B-Fetch: Improving Future Computer System Energy-Efficiency and Performance and through Efficient and Accurate Memory System Speculation

As in many fields, energy efficiency has become a first order design
constraint in modern computer system design. A recent report by
J. Koomey of the Lawrence Berkeley National Laboratory estimated that
datacenter computing is now consuming ~2% of global power generation,
and growing at a 16% annual rate. To deal with this problem, many
computer manufacturers have gone to chip-multiprocessor designs, or
CPU chip designs with many processor cores, as a way to lower power
consumption. This lower power consumption, however, has come with
some cost to performance of individual threads.

Programs written in high-level languages, such as C++ and Java, are
compiled into a machine-specific assembly language. In assembly, data
movement between the main memory and the processor is explicit and
often forms a bottleneck for performance. Chip-multiprocessors place
an even greater demand on the memory system that previous generation
uni-core processors, while at the same time avoiding many of the
power-hungry speculative techniques that older uni-processors used to
alleviate memory latency. Data-prefetching, speculatively requesting
data before it is needed, so that when it is requested by the program
it is already available, is a well known technique to alleviate the
effect of memory system latency on performance. Many data-prefetching
schemes, however, either require a high overhead in power and area or
do not perform particularly well across all applications.

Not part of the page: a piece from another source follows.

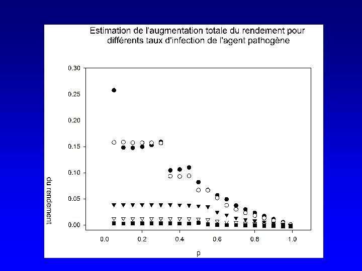 Résultats : trois mesures de la durabilité de la résistance • Temps d’installation de l’agent pathogène • Estimation de l’augmentation du rendement • Temps d’efficacité de la variété résistante MAIS sont-elles identiques ? comparables ? contradictoires ?

A novel data-prefetching scheme was recently proposed by Reena Panda,
a graduate student at Texas A&M, her advisor Dr. Paul V. Gratz and
their collaborator Dr. Daniel Jiménez at UTSA. This scheme, known as
B-Fetch is a “prefetching mechanism for light weight, in-order
processors that leverages a combination of control path speculation
and effective address value speculation.” This unique approach yields
better performance, at approximately 1/3 the power and area of prior
best-of-class data-prefetching schemes.


Panda, Gratz and Jiménez detail their innovative method in an article
entitled “B-Fetch: Branch Prediction Directed Prefetching for In-Order
Processors,” published in the Journal, IEEE Computer Architecture
Letters, last year. After examination by a selections committee,
Panda, Gratz and Jiménez’s article was one of four chosen to receive
the award of “Best Papers from IEEE Computer Architecture Letters”
from 2011, and will be featured during a special session during the
The 18th IEEE International Symposium on High Performance Computer

After the completion of her M.S., Panda accepted a job with Oracle,
where she is currently working as a processor design engineer.